I get that the news out of the debate is that Joe Biden committed to picking a woman vice president. That’s a big deal. But there were a couple non-news things that were important too.
The first one is that Biden is not senile, does not have dementia, had no trouble in this debate uttering six or even seven sentences in a row that make sense, and handled himself fine. I suspect that any chance Bernie Sanders had to turn the tables in the way he was hoping ended in the first five minutes, by which time it was pretty clear that Biden was fully compos mentis and wasn’t going to start quoting Jack Benny routines to drive home his point.
This was really different from those early debates when he was ambushed from all sides. Then, he was verbally drowning half the time. Tonight, he was totally calm. He did maybe miss an opportunity to try to reach out to Sanders voters, but overall, he was in control of himself. It ought to make people feel more comfortable picturing him on a stage opposite Donald Trump.
But he was also just personable. You know how people like me are always parsing the details, like hey, didn’t he use a slightly different figure on that issue in a previous debate? Well, that kind of thing is way too wonky-weedsy. It wouldn’t surprise me if Biden’s most memorable tonight was that bit about 35 minutes in when Dana Bash asked about what they’re doing personally to protect against the coronavirus, and Bernie Sanders talked about official, campaign-y things, but Biden made it personal and said “I’m taking all the precautions everyone else should be taking. I wash my hands God knows how many times a day. I carry with me, in my bag outside here, hand sanitizer. I don’t know how many times a day I use that. I make sure I don’t touch my face and so on. I’m taking all the precautions we’re telling everybody else to take.” He was just being a guy there, a person, a regular, um, Joe, in a way Sanders chooses never to do.
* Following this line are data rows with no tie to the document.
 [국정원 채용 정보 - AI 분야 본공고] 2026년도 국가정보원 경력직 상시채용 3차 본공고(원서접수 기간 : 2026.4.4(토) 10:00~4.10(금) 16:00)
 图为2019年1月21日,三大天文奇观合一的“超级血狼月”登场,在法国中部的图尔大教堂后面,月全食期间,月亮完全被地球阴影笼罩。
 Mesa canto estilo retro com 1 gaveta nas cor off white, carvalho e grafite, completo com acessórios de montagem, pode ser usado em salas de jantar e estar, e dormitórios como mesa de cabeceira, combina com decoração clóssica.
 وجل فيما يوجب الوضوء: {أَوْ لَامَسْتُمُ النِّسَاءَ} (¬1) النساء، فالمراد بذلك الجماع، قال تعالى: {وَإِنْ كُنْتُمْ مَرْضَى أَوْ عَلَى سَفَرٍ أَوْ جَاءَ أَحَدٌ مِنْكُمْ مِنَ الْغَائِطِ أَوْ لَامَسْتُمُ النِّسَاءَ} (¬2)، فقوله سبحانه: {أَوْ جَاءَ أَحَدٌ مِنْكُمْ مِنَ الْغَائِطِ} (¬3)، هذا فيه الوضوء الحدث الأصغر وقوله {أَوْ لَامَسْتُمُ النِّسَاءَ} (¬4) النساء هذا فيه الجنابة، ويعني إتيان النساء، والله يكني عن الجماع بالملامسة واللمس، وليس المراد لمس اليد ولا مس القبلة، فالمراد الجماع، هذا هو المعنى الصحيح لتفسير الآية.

So that was the first thing. The second was more substantive, and it was that Biden more or less managed to defend his much spottier record against Sanders’ attacks.
The three big issues here were Social Security, an old bankruptcy bill, and same-sex marriage. And I guess the Iraq war, that’s always in there.
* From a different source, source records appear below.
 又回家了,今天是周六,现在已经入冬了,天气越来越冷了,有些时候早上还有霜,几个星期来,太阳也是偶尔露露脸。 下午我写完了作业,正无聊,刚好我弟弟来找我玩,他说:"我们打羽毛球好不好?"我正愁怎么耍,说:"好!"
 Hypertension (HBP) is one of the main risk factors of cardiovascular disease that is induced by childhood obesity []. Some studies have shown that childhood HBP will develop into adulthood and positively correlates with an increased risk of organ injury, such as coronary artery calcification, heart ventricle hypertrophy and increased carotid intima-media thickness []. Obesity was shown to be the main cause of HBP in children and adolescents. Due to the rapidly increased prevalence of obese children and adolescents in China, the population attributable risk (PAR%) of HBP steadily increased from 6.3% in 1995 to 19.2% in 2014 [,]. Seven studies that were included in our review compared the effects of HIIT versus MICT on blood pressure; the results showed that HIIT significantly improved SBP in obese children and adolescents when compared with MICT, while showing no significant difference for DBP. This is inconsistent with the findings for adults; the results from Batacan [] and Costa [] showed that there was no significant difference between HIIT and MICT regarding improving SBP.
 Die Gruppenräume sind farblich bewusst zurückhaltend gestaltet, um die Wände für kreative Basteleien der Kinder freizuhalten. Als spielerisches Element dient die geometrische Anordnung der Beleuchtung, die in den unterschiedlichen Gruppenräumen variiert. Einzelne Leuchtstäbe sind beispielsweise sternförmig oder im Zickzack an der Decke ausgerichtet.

On all these issues, Biden has real vulnerabilities. He did used to talk about certain small cuts to Social Security benefits (although a Politifact analysis rated Sanders’ attacks on Biden as “mostly false”). On bankruptcy, well, he was a senator from Delaware. And Sanders was right that Biden did vote for the Defense of Marriage Act (a Clinton-era measure that said marriage was between a man and a woman) while he, Sanders, opposed it.
But here’s the thing about all that. Well, a) it’s the past, and in our new state, it seems a little less relevant than before. Nobody thinks today’s Joe Biden is going to cut Social Security. But the main thing is this:
Biden and Sanders show us two models of senator-hood that are as opposite as they could be. Biden, from early on in his career, was a super-duper inside player. He got his fingers into all kinds of pies. He did stuff. Plus, he was elected from a state where he obviously had to accommodate himself to certain interests. If he didn’t, those interests would have seen to getting rid of him after one term.
Sanders has spent 30 years in Washington not really trying to do much of anything, reveling in his stance as the outsider. And he was elected from a state where he never faced any pressure to compromise on anything (he used to face one form of pressure, on guns, and he actually buckled on that until he was secure in his incumbency). Indeed, the vast majority of the pressure he faced, if it can even be called pressure, was to vote the orthodox lefty line on every issue (I don’t doubt his votes were sincere). Whereas the vast majority of Democratic senators faced pressure to support the Iraq war, Vermonters might have thrown Sanders out if he’d voted for it.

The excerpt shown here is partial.